Again, during Cain and Lira’s three-hour drive to Ironton in Chapter One, we don’t need to read about their entire convo the whole way over. All we need to know is what is going on in Ironton that is related to the plot and nothing else.
Even if it’s a half-page scene, that’s all you need.
Or, if the character in your book has an appointment Monday and it’s Friday, we don’t need to know about their weekend if nothing happened related to the plot.
The same should go for your dialogue.
Is there a lengthy conversation going on?
But is the entire conversation plot-related?
So, enter the conversation that is plot-related and exit after all plot-related elements are taken care of.
Give each character their own voice, which I’ve touched up on in previous articles.
For instance, Cain tends to nickname everyone throughout the entire book, swears often, uses a deity’s name in vain constantly, and has a shoot first, ask questions second personality.
Lira places heavy emphasis on words when she speaks, uses clean language, and is short and snappish. Despite the fact she loses her temper at times, she’s often the voice of reason for Cain’s irrationality.
Randelo Jefferson, the mentor, is calm, collected, and at times passive.
Savannah is kind and tends to use complimentary language. Even in the face of trouble, her voice usually gives a bright side.

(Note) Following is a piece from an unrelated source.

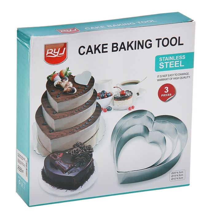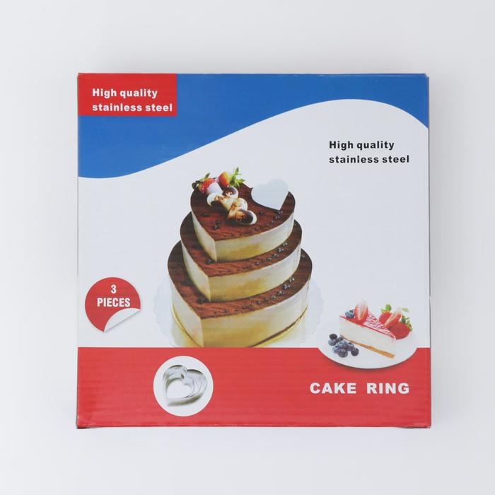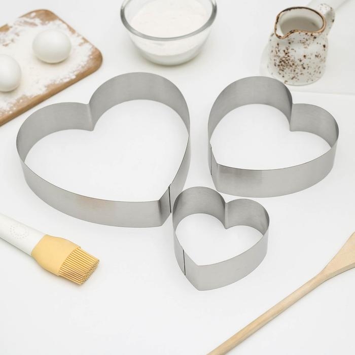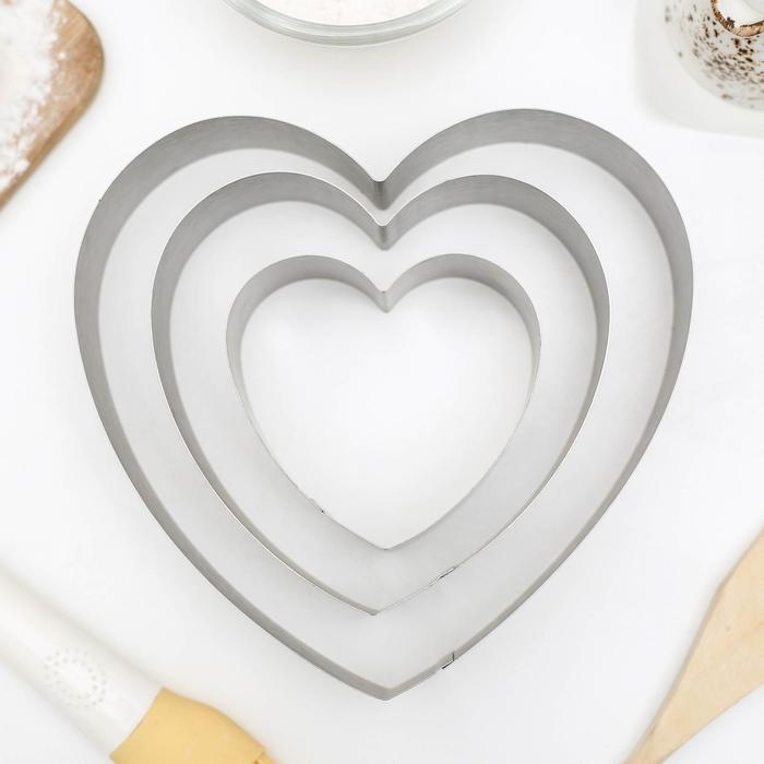 Набор форм для вылкадки и выпечки KONFINETTA «Сердце», 3 шт, 20×20×4,5 см, 15,5×15×4,5 см, 10×10×4,5 см, цвет серебристый

I can go on forever here, but you get the point. In other words, believable dialogue must make each character unique. If two characters have the same voice, change them or edit one of the two characters out completely. Or, you can merge the characters into one.

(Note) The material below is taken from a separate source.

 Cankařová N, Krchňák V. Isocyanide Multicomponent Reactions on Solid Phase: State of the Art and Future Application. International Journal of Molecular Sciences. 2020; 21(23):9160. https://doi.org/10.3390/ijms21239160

Again, dialogue must be believable and flow well. If it’s distracting, then it takes away from the reader’s experience.
For that matter, using a diverse group of tags is going to hurt and not help matters.
When writers use ‘she said’ or ‘he said,’ it should only to clarify who’s speaking.
Some writers think they need to use adverbs to describe a character’s statement or response. Again, it slows down the story. If someone’s angry, show it through action. How do angry people react? Nostrils flaring, object throwing, face turns red, again, you get the gist.
Doesn’t it add to the story more than stating ‘she said angrily?’
Or, what about ‘she pondered,’ ‘he asked,’ ‘she barked,’ ‘he mumbled,’ we can use hundreds of examples.
Again, we’re distracting. Just use action. If someone mutters or mumbles, it’s usually because they’re looking away or speaking with their head down.
If someone shouts, their eyes might narrow or they may throw their arms up.
To make dialogue believable, you need to show rather than tell. Don’t just tell unless your goal is to bore the reader.
Dialogue is tricky because a lot of novice writers, something I did once upon a time, think they have to explain everything in every conversation throughout the story.
Hey, I get it. Northern Knights was 214,000 words after its first draft.
I published it at 77,000 words.
It shows how much unnecessary dialogue I used in the book.
A lot of us start off this way before realizing that dialogue is just something that’s part of the story and not a whole conversation.
Again, follow the old ‘get in and get out’ mentality regarding scenes and you’ll do just fine.